[Supplied data]
----------

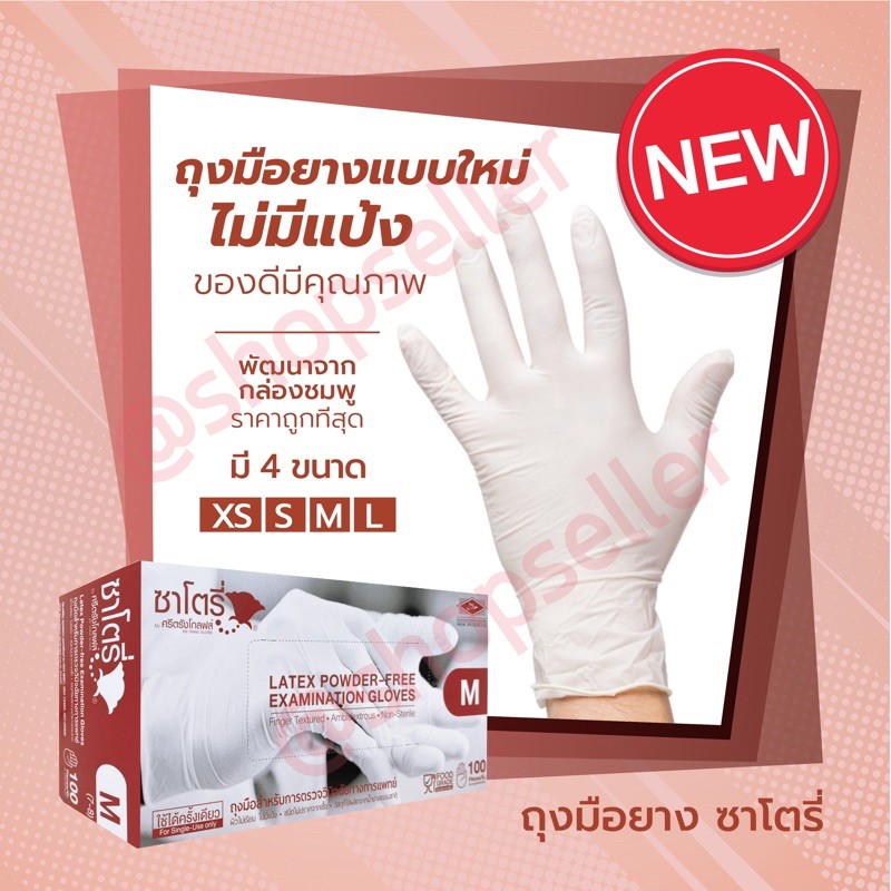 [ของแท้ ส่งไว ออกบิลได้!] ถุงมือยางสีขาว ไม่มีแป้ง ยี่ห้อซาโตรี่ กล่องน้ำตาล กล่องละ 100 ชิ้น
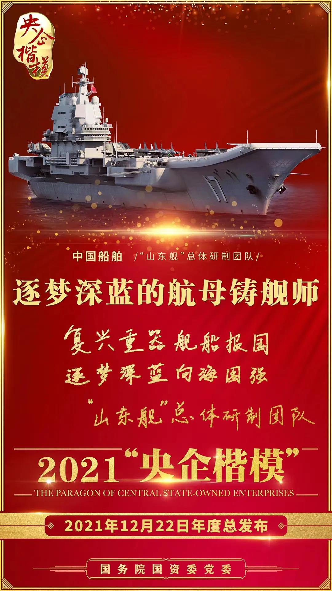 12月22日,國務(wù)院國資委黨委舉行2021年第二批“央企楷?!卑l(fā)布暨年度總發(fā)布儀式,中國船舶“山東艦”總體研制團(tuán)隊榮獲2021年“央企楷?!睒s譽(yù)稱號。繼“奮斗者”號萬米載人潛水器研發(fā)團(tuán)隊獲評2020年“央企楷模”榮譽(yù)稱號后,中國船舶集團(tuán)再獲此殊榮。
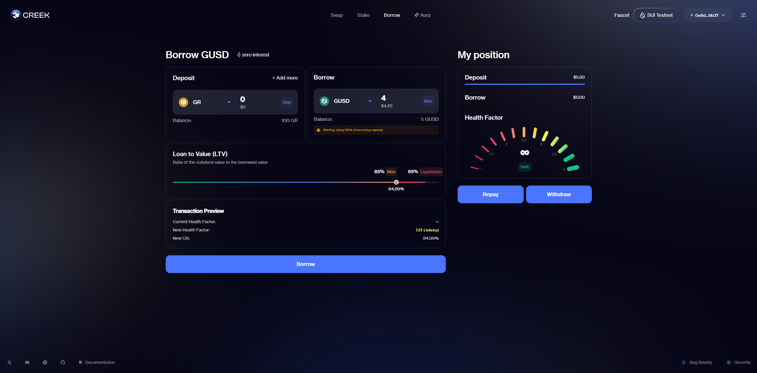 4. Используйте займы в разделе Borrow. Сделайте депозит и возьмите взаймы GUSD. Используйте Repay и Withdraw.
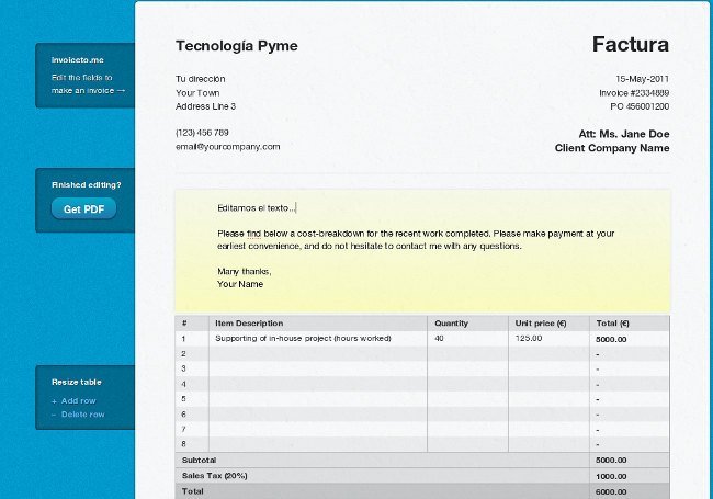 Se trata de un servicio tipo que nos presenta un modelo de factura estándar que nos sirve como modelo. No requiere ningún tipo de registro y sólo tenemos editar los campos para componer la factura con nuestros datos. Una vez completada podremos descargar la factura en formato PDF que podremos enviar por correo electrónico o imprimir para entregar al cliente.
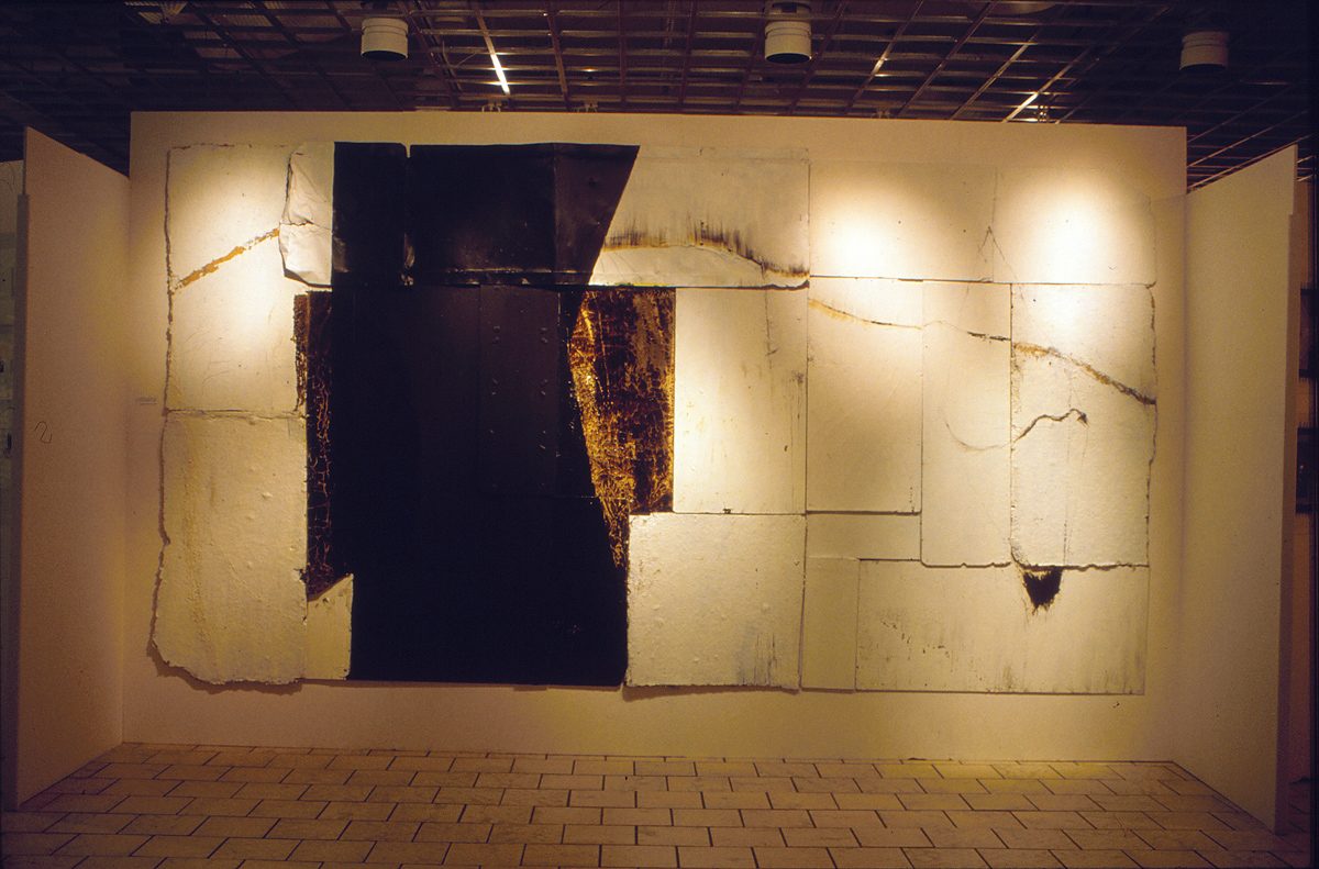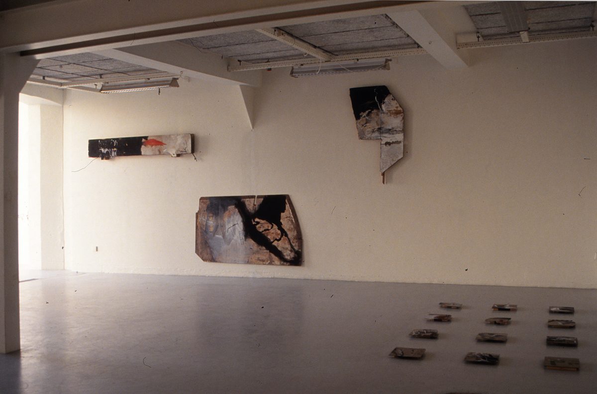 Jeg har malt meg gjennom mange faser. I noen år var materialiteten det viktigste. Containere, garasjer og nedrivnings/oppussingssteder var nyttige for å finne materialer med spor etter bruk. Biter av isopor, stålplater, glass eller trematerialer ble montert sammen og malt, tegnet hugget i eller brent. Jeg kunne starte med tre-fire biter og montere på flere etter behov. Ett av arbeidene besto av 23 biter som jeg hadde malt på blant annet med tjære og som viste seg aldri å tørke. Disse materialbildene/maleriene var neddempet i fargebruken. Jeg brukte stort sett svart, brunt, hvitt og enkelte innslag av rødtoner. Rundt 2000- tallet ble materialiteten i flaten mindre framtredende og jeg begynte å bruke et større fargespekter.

----------

[Task instructions] Your answer must be the full listing, copied exactly, with no pictures in it.

[Task answer]
 [ของแท้ ส่งไว ออกบิลได้!] ถุงมือยางสีขาว ไม่มีแป้ง ยี่ห้อซาโตรี่ กล่องน้ำตาล กล่องละ 100 ชิ้น
 12月22日,國務(wù)院國資委黨委舉行2021年第二批“央企楷?!卑l(fā)布暨年度總發(fā)布儀式,中國船舶“山東艦”總體研制團(tuán)隊榮獲2021年“央企楷?!睒s譽(yù)稱號。繼“奮斗者”號萬米載人潛水器研發(fā)團(tuán)隊獲評2020年“央企楷模”榮譽(yù)稱號后,中國船舶集團(tuán)再獲此殊榮。
 4. Используйте займы в разделе Borrow. Сделайте депозит и возьмите взаймы GUSD. Используйте Repay и Withdraw.
 Se trata de un servicio tipo que nos presenta un modelo de factura estándar que nos sirve como modelo. No requiere ningún tipo de registro y sólo tenemos editar los campos para componer la factura con nuestros datos. Una vez completada podremos descargar la factura en formato PDF que podremos enviar por correo electrónico o imprimir para entregar al cliente.
 Jeg har malt meg gjennom mange faser. I noen år var materialiteten det viktigste. Containere, garasjer og nedrivnings/oppussingssteder var nyttige for å finne materialer med spor etter bruk. Biter av isopor, stålplater, glass eller trematerialer ble montert sammen og malt, tegnet hugget i eller brent. Jeg kunne starte med tre-fire biter og montere på flere etter behov. Ett av arbeidene besto av 23 biter som jeg hadde malt på blant annet med tjære og som viste seg aldri å tørke. Disse materialbildene/maleriene var neddempet i fargebruken. Jeg brukte stort sett svart, brunt, hvitt og enkelte innslag av rødtoner. Rundt 2000- tallet ble materialiteten i flaten mindre framtredende og jeg begynte å bruke et større fargespekter.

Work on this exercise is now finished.